Unite assistant general secretary Steve Turner said: "The continued rise of zero-hours contracts underlines how Government claims to be on the side of working people are nothing more than lip service.
"These figures are the tip of an insecure iceberg - they do not include short-hours contracts and the wider rise in insecure, precarious work across the economy."
Chuka Umunna, shadow business secretary, said: "These stark figures show that the Tories are the party of insecurity at work.
"Zero-hours work is on the rise with the total number of contracts rising to 1.5 million and the number of people reporting their main source of employment as a zero-hours contract having risen by almost 20% since last year.

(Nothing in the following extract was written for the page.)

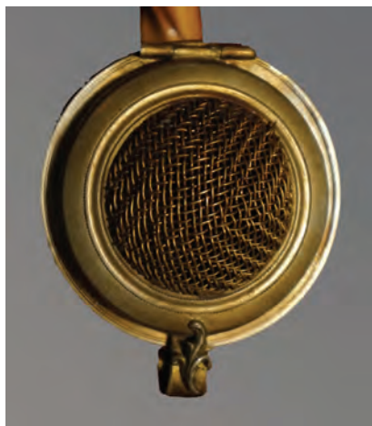
Afb. 10. Gaas decoratief deel op een meerschuur pijp uit Thüringen. Deksel gemerkt 'JK'. (collectie Higgins, 1108.21)

At the same time, there are now over 1.2 million people working part-time because they could not find full-time work - 200,000 more than when the Tories took office in 2010.
"Ministers are watering down vital protections at work and have refused to act to protect workers on zero-hours contracts. As long as ministers are happy to sit aside and encourage the proliferation of insecure work, more and more people won't have the security of knowing where their next pay cheque is coming from or being able to plan ahead."
James Sproule, director of policy at the Institute of Directors, said: "Zero-hours contracts offer businesses and employees an important degree of flexibility. For skilled professionals, arrangements helped preserve jobs during the downturn and protected the UK from double-digit rates of unemployment.
"As businesses began to create jobs at a record pace, attention on the quality of those jobs and concerns around zero-hours contracts boomed. This helped make sure practices like exclusivity clauses – something which run contrary to the very flexibility zero-hours contracts were designed for – were stamped out."